Index

DatasetIndex

class DatasetIndex(*args, **kwargs)[source]

Stores an index for a dataset. The index should be 1-d array-like, e.g. numpy array, pandas Series, etc.

Parameters:: index (int, 1-d array-like or callable) – defines structure of DatasetIndex

Examples

>>> index = DatasetIndex(all_item_ids)

>>> index.split([0.8, 0.2])

>>> item_pos = index.get_pos(item_id)

static build_index(index)[source]

Check index type and structure.

Parameters:

index (int, 1-d array-like or callable) –

Defines content of DatasetIndex

1-d array-like
Content is numpy.array
int
Content is numpy.arange() of given length.
callable
Content is return of given function (should be 1-d array-like).

Raises:

TypeError – If ‘index’ is not 1-dimensional.
ValueError – If ‘index’ is empty.

Returns:

Index to be stored in class instance.

Return type:

numpy.array

build_pos()[source]: Create a dictionary with positions in the index.

calc_split(shares=0.8)

Calculate split into train, test and validation subsets

Parameters:

shares (float or a sequence of floats) – A share of train, test and validation subset respectively.

Return type:

a tuple which contains number of items in train, test and validation subsets

Raises:

ValueError –

if shares has more than 3 items * if sum of shares is greater than 1 * if this set does not have enough items to split

Examples

Split into train / test in 80/20 ratio

>>> some_set.calc_split()

Split into train / test / validation in 60/30/10 ratio

>>> some_set.calc_split([0.6, 0.3])

Split into train / test / validation in 50/30/20 ratio

>>> some_set.calc_split([0.5, 0.3, 0.2])

classmethod concat(*index_list)[source]

Create index by concatenating other indices.

Parameters:: index_list (list) – Indices to be concatenated. Each item is expected to contain index property with 1-d sequence of indices.
Returns:: Contains one common index.
Return type:: DatasetIndex

create_batch(index, pos=True, as_array=False, *args, **kwargs)[source]

Create a batch from given indices.

Parameters:

index (int, slice, list, numpy.array or DatasetIndex) –
If ‘pos’ is True, then ‘index’ should contain positions of items in the current index to be returned as separate batch.

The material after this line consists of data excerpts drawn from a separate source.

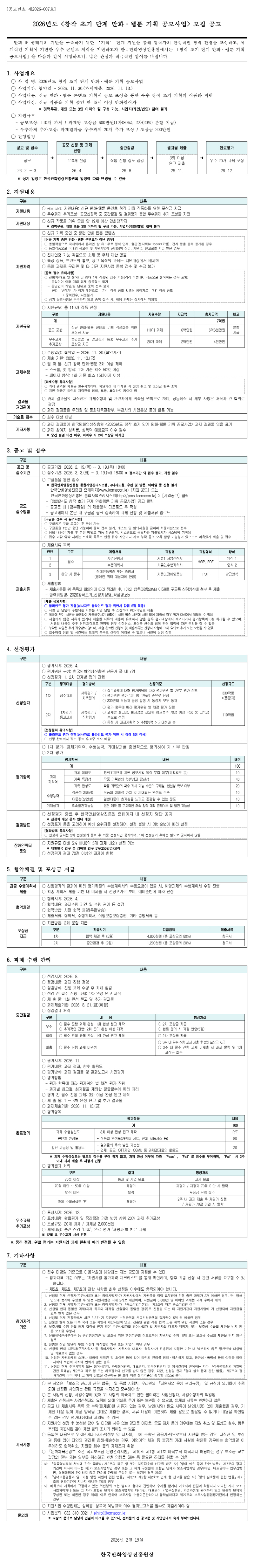 [한국만화영상진흥원] 2026년도 창작 초기 단계 만화·웹툰 기획 공모사업
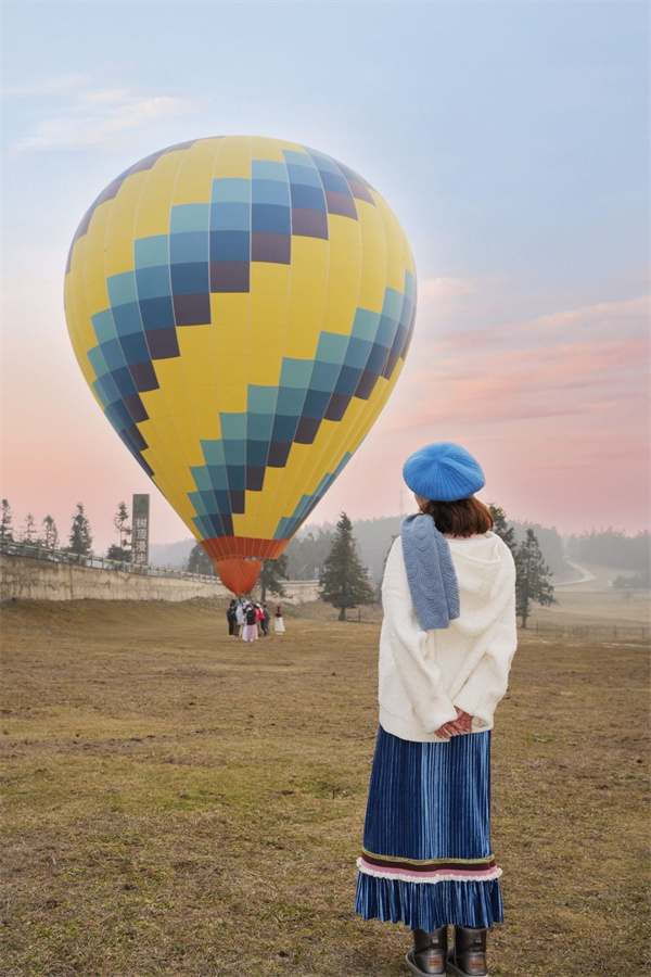 在仙女山10万亩天然草场尽情撒欢,放风筝、露营、骑马、射箭,或乘坐热气球缓缓升空,搭乘小火车穿梭于网络波浪公路间。
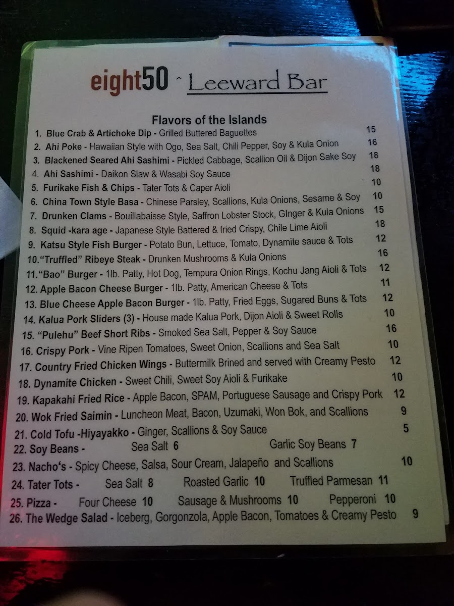 Welcome to eight50, an exquisite dining experience located at 850 Kamehameha Hwy, Pearl City, HI. This vibrant establishment specializes in an array of delectable dishes complemented by an impressive selection of whiskeys and craft beers.
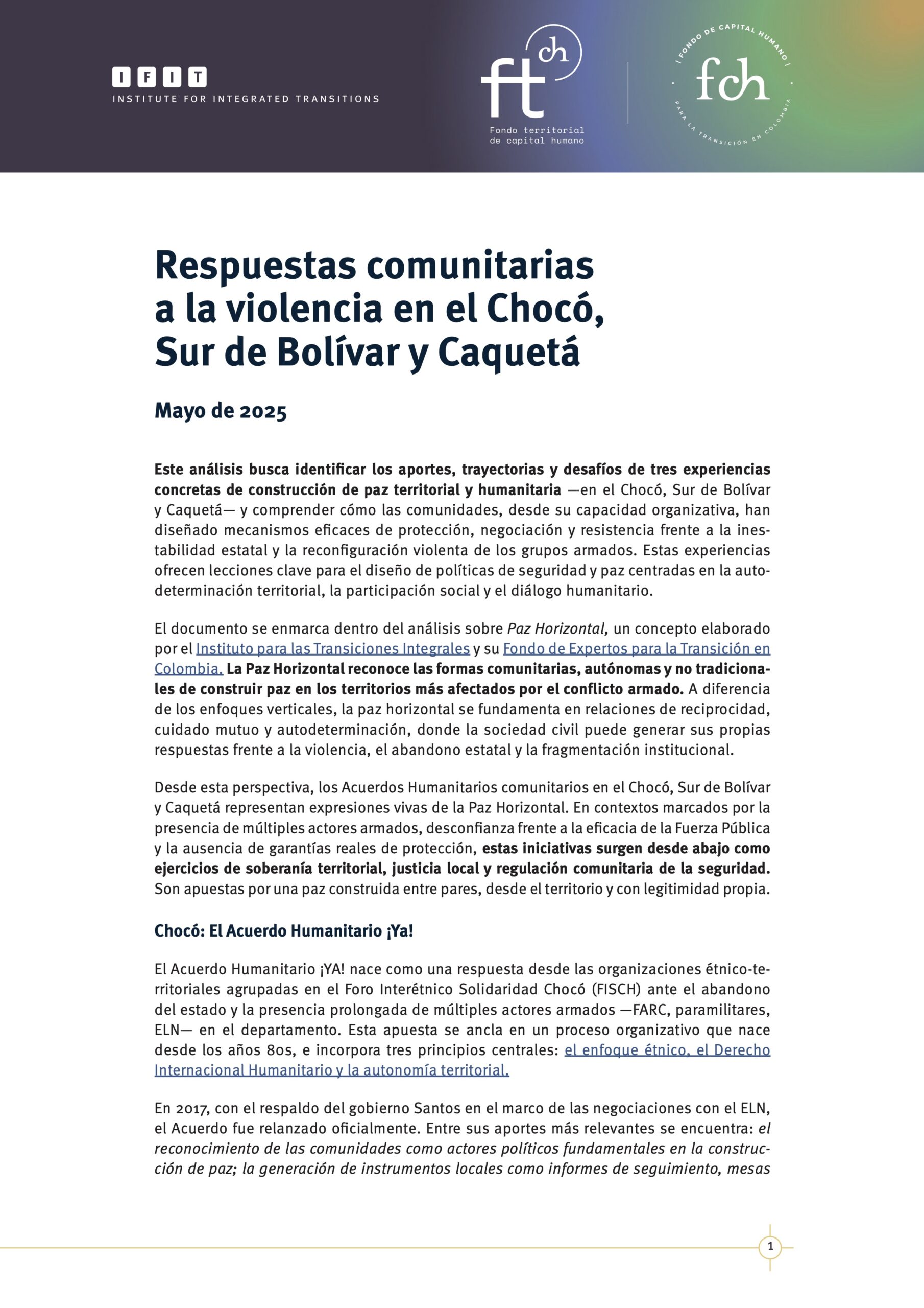 Este análisis busca identificar los aportes, trayectorias y desafíos de tres experiencias concretas de construcción de paz territorial y humanitaria —en el Chocó, Sur de Bolívar y Caquetá— y comprender cómo las comunidades, desde su capacidad organizativa, han diseñado mecanismos eficaces de protección, negociación y resistencia frente a la inestabilidad estatal y la reconfiguración violenta de los grupos armados.

If ‘pos’ is False, then ‘index’ should contain indices to be returned as separate batch (so expected batch is just the very same index).
pos (bool) – Whether to return indices or positions
as_array (bool) – Whether to return array or an instance of DatasetIndex

Returns:

Part of initial DatasetIndex, specified by ‘index’.

Return type:

DatasetIndex or numpy.array

Examples

Create DatasetIndex with first 100 natural numbers, then get batch with every second item

>>> DatasetIndex(100).create_batch(index=2*numpy.arange(50))

create_subset(index)[source]: Return a new index object based on the subset of indices given.

classmethod from_index(*args, **kwargs)[source]: Create index from another index.

gen_batch(batch_size, shuffle=False, n_iters=None, n_epochs=None, drop_last=False, notifier=False, iter_params=None)[source]

Generate batches

Parameters:

batch_size (int) – Desired number of items in the batch (the actual batch could contain fewer items).
shuffle – specifies the order of items (see shuffle())
n_iters (int) – Number of iterations to make (only one of n_iters and n_epochs should be specified).
n_epochs (int) – Number of epochs required (only one of n_iters and n_epochs should be specified).
drop_last (bool) –
If True, drops the last batch (in each epoch) if it contains fewer than batch_size items. If False, than the last batch in each epoch could contain repeating indices (which might be a problem) and the very last batch could contain fewer than batch_size items.

For instance, gen_batch(3, shuffle=False, n_epochs=2, drop_last=False) for a dataset with 4 items returns indices [0,1,2], [3,0,1], [2,3]. While gen_batch(3, shuffle=False, n_epochs=2, drop_last=True) returns indices [0,1,2], [0,1,2].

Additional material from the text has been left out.